Fracking Can Contaminate Drinking Water, Has Made Some Water Supplies "Unusable," Long-Awaited EPA Study Concludes

The Environmental Protection Agency announced today that it had completed its scientific report on whether fracking puts America's drinking water supplies at risk.

The EPA's conclusions were clear: fracking can harm water. And it's not the the hydraulic fracturing process itself that poses risks — problems have emerged at every stage of the water cycle associated with fracking, at times making people's drinking water supplies “unusable.”

“The report, done at the request of Congress, provides scientific evidence that hydraulic fracturing activities can impact drinking water resources in the United States under some circumstances,” the EPA wrote in a press release announcing the study's final conclusions. “As part of the report, EPA identified conditions under which impacts from hydraulic fracturing activities can be more frequent or severe.”

EPA identified cases of impacts on drinking water at each stage in the hydraulic fracturing water cycle,” the EPA statement added. “Impacts cited in the report generally occurred near hydraulically fractured oil and gas production wells and ranged in severity, from temporary changes in water quality, to contamination that made private drinking water wells unusable.”

EPA honed in on six areas where impacts can be either more likely or more severe, including the use of water in areas with “limited or declining” underground water supplies, spills of chemicals or wastewater, fracking wells with “poor mechanical integrity” (like wells where the steel and cement casings are weak or missing), fracking directly into aquifers, discharging inadequately treated wastewater into rivers and streams, and the use of unlined pits to store wastewater.

The agency dropped entirely a highly controversial claim that they had found “no evidence” of “widespread, systemic impacts” on America's drinking water supplies from fracking, language which a recent Marketplace investigation found had been inserted at the last minute into study and press release drafts.

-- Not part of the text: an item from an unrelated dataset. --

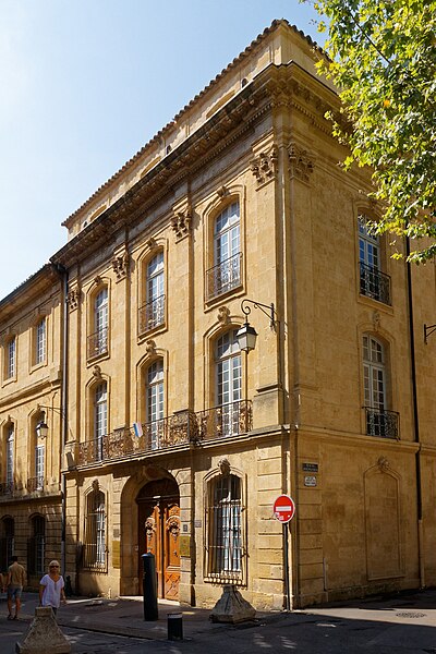 L'ancien hôtel Maynier d'Oppède, dit aussi hôtel Thomassin de Saint-Paul, est un hôtel particulier situé à Aix-en-Provence. Depuis 1490, il appartenait à la famille provençale des Maynier d'Oppède, qui a fourni, de 1507 à 1671, quatre des vingt-deux premiers Présidents, dont Jean de Maynier. En 1730, la famille Thomassin de Saint-Paul, également issue des parlementaires, acheta l'hôtel et le rebâtit quasi intégralement. De 1846 à 1950, il servit d'annexe à l'Université d'Aix en accueillant la faculté des Lettres; il abrite aujourd'hui divers instituts de recherche et d'études. Depuis 1982, le monument fait l'objet de mesures de protection au titre des monuments historiques, sous la forme d'inscriptions et de classements partiels ainsi que d'une protection totale. La façade visible, aux proportions harmonieuses, relève du classicisme provençal et date des années 1740-1760. Les fenêtres comportent des mascarons : des visages humains au rez-de-chaussée et des motifs en « relief de colonne » aux premier et second étages. À partir du premier étage s'élèvent quatre pilastres à refends qui délimitent les ouvertures jusqu'au troisième étage, étage destiné aux domestiques aux XVIIe et XVIIIe siècles. Les chapiteaux de ces pilastres sont qualifiés de « composites », car ils ne reproduisent pas fidèlement le style d'une époque antique particulière. La porte cochère, en anse de panier, est taillée dans la pierre de Bibémus et présente un arrondi plus doux que celui de la plupart des bâtiments voisins. Les boiseries de la porte sont remarquables et ornées de décors de feuillage d'acanthe et de coquilles asymétriques, typiques de l'époque Louis XV. Pour compléter, on peut consulter la liste des monuments historiques d'Aix-en-Provence, la liste des hôtels particuliers d'Aix-en-Provence et des ressources en ligne telles que Mérimée, Kunstenpunt, le Portail de l'architecture et de l'urbanisme, le Portail d'Aix-en-Provence et le Portail des monuments historiques français.

That language was heavily criticized by the EPA's Scientific Advisory Board – a mix of experts representing industry, federal agencies, and academia – which found that EPA's research “did not support” that conclusion (four of the 30 SAB members dissented from that critique).

Still, there remain many data gaps about fracking, EPA said its new study concluded.

“Because of these data gaps and uncertainties, as well as others described in the assessment, it was not possible to fully characterize the severity of impacts, nor was it possible to calculate or estimate the national frequency of impacts on drinking water resources from activities in the hydraulic fracturing water cycle,” the EPA's statement on the newly released study notes.

Environmentalists, regulators, and community advocates have long highlighted the lack of public information about fracking, due in part to non-disclosure agreements between private land owners and drillers when lawsuits over fracking-related contamination are settled, a lack of laws requiring the collection of even basic data like the locations where fracking-related activities are occurring, and trade secrecy rules and chemical safety regulations that mean that regulators often do not know what the potential health risks of chemicals used in fracking might be.

Industry proponents seized on the language about data gaps, arguing that the study failed to prove that fracking had polluted water nationwide. “EPA’s report blows apart the anti-fracking campaign’s most common claim, namely that hydraulic fracturing is polluting groundwater all across America,” Dr. Katie Brown, an Energy In Depth researcher, said in a statement, according to the Daily Caller. “This study took five years to complete, and the EPA found nothing to suggest that fracking is a serious risk to groundwater.”

The language about data gaps appeared to dominate headlines immediately after the study was released, with the Denver Post, Washington Examiner, and Pittsburgh Post-Gazette all highlighting the data gaps in their headlines.

Still environmental groups cited the study's findings as long-awaited vindication.

“The EPA has confirmed what we’ve known all along: fracking can and does contaminate drinking water,” Wenonah Hauter, Executive Director, Food & Water Watch, said in a statement. “We are pleased that the agency has acted on the recommendations of its Science Advisory Board and chosen be frank about the inherent harms and hazards of fracking.”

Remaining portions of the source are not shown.